The Fundamentals of Analytical Data Models
Part 3 of the series titled "Deconstructing Data Models"
👋 Hey there
Before getting into today’s post, I’m sharing this awesome session I’m hosting next week.
This masterclass on Recommender Systems with DJ and Schaun has been designed specifically for product and growth practitioners like yourself to learn what really matters when implementing a recommender system.
Welcome to the third and final part of the series titled Deconstructing Data Models. If you haven’t already, I highly recommend consuming parts one and two first.
Permanent link to this post to bookmark and read later →
Analytical data modeling is the process of defining what data needs to be made available in what shape for analysis or activation purposes.
But what does this process look like in practice?
Before I answer that, let me specify in the simplest possible terms what an analytical data model is:
An analytical data model represents a set of rules, that once applied to one or more tables in a database, creates a modified view of an existing table or a new table altogether.
In other words, an analytical data model can be used repeatedly to transform raw data that is often messy into clean, usable data.
Moreover, the purpose of an analytical data model is to transform data without modifying the source data. When a model is executed, the resulting table – whether a view (a virtual table) or a materialized view (a new table) – is easier for humans to read and analyze, as well as for machines to interpret and process.
Building models
To create an analytical data model, one has to define a set of rules on top of some available data. This is typically done using SQL which is easy to read and write and is the most widely used language for data modeling.
I recommend learning the basics of SQL if you’re interested in working with data (you wouldn’t be reading this if you weren’t). Knowing some SQL helps understand what happens under the hood in a database, enabling better conversations with data folks.

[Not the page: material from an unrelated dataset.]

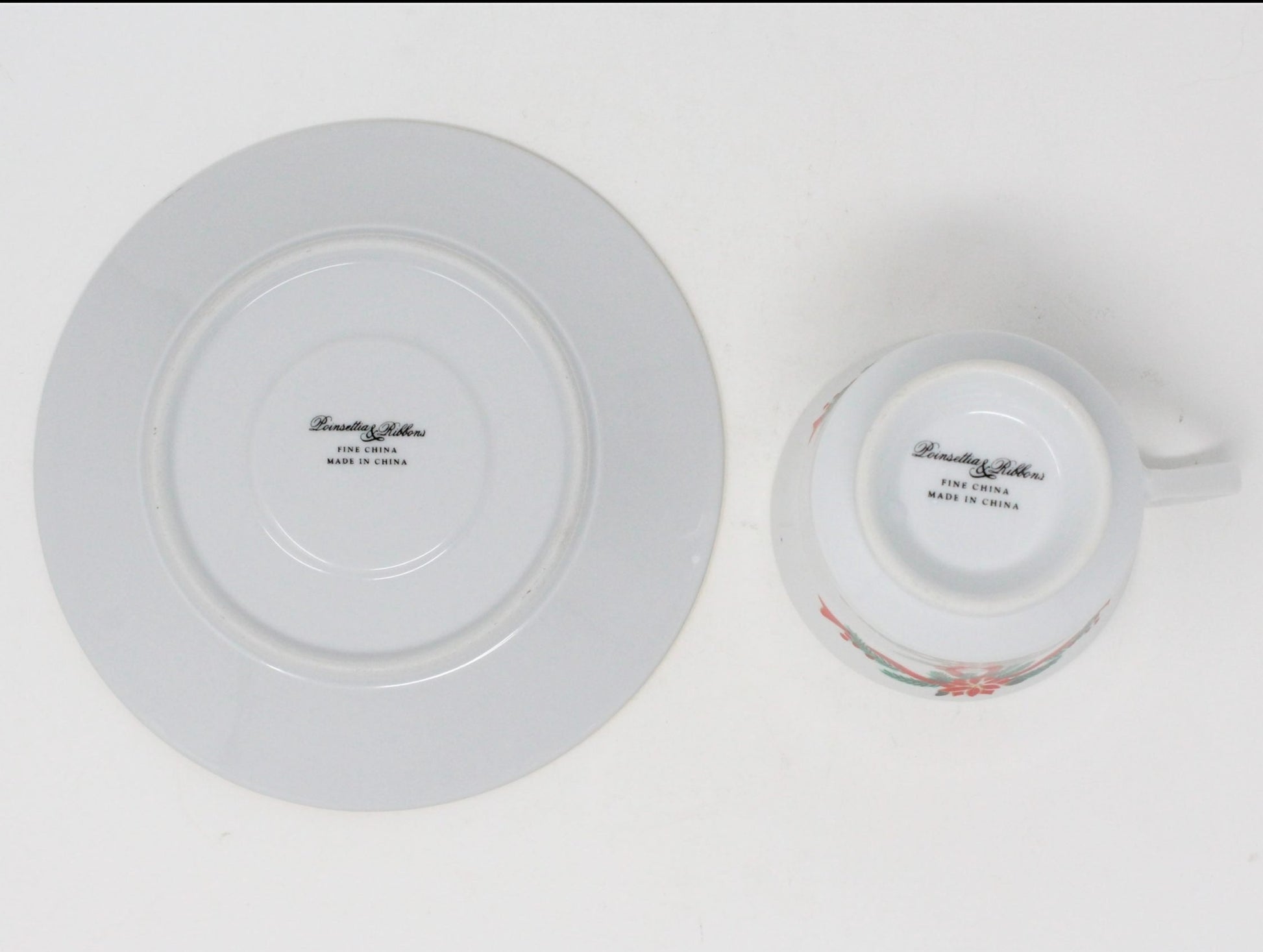 - Details: This is a wonderful dinnerware set, absolutely perfect for all your holiday gatherings! The pattern has a red Poinsettia in the center of a holly swag with red ribbons and berries all around. This set has an elegant loo, yet casual enough to use all throughout the holidays. Hand Washing is recommended to protect design. It is made by Tienshan Fairfield Fine China, all the pieces have a clean, retro shape. Each place setting consists of four pieces: 1 Dinner Plate, 1 Salad/Dessert Plate, 1 Cup and 1 Saucer and there are 4 place settings in each box. That's 16 pieces of beautiful vintage Christmas tableware! Great for mixing and matching with other pieces in solid green, red or even gold. We have two boxes (that's 8 complete place settings), if you would like to purchase both sets, please use the Contact Us, or email us at antigotrunk@gmail.com for a 20% discount code. We carry other matching pieces in this pattern: salt & pepper, creamer (Sold Out) and mug set (Sold Out).

An SQL query references tables in a database and when it is run – either manually or as per a schedule – it looks for rows of data in the referenced tables, executes the rules, and if there are no errors, outputs a table with the expected data. The output can be analyzed directly, visualized using a BI tool, or synced to activation tools.
Queries vs. Models
An analytical data model is a SQL query but a SQL query doesn’t have to be a data model.
Going back to the example in Part 1 of this series, the hypothetical SaaS company serves 10,000 users across 1000 workspaces out of which 200 are paid. To present data about customers, you need to write a simple SQL query that checks for workspaces that are on one of the paid plans at a given point in time. Assuming that the Workspace table contains a boolean column called is_paid, the query would look like this:
Select * FROM Workspace WHERE is_paid = TRUE;
In SQL, the asterisk represents “all” – the rest of the query is self-explanatory.
The query above can be saved as a data model and can either be executed each time against the original table (Workspace) or a new table called Customer can be created once, which only updates when the model is executed again. The key difference is that the new table (the materialized view) uses additional storage but is also faster to load since the model only needs to be executed if there’s an expected change in the data set. If you only wish to view all the rows in the Customer table, you need not execute the model – you just need to run the following query:
Select * FROM Customer;
It’s also worth highlighting that even though SQL is often associated with data transformation or data modeling, a query doesn’t always transform data – it can simply fetch an entire table (like the one above) or specific columns in a table. It doesn’t make sense to refer to such a query as a data model as it simply fetches data – it doesn’t model it for repeated use.
Now let’s say you want to take a look at data about customers who are on the Pro plan. Assuming that the Customer table contains a column called plan_name (whose data type is enum or string), the query would look like this:
Select * FROM Customer WHERE plan_name = ‘Pro’;
This query is the equivalent of applying a filter in a spreadsheet or a BI tool or creating a simple segment in an email marketing tool.
Whether it makes sense to save a query as a model or not is a matter of personal preference – there’s no right or wrong answer here. The whole idea behind creating data models is to save time by eliminating repetitive work. That said, saving every query as a data model can lead to model bloat which is a painful thing to manage. Remember, more models, more problems.
Managing models
That brings us to the importance of managing analytical data models.
Until a few years ago, a system to manage data models didn’t exist because there wasn’t a need for one. Data modeling was done before data was loaded into a data warehouse – a practice that led to the creation of fewer models and a lower volume of data being stored.
Why?
Because storing and processing large amounts of data for analytical purposes was expensive.
Instead of jumping straight into a history lesson here, I figured it might be more fun to first share a couple of verses from a song I wrote called The Modern Data Track – here you go:
The separation of Compute and Storage in the cloud,
Made warehousing cheaper, more accessible, much faster.
Queries take seconds to process in parallel,
Pay as you go, storage is infinitely scalable.
ETL became ELT
Because Extracting and Loading without Transforming is easy,
Once in the warehouse, whenever the need be,
Data can be transformed by writing a SQL query.
A brief history lesson
Historically, analytical data modeling was performed before data was loaded into an analytical database for reporting purposes (data activation was less common and was largely disconnected from analytical workloads).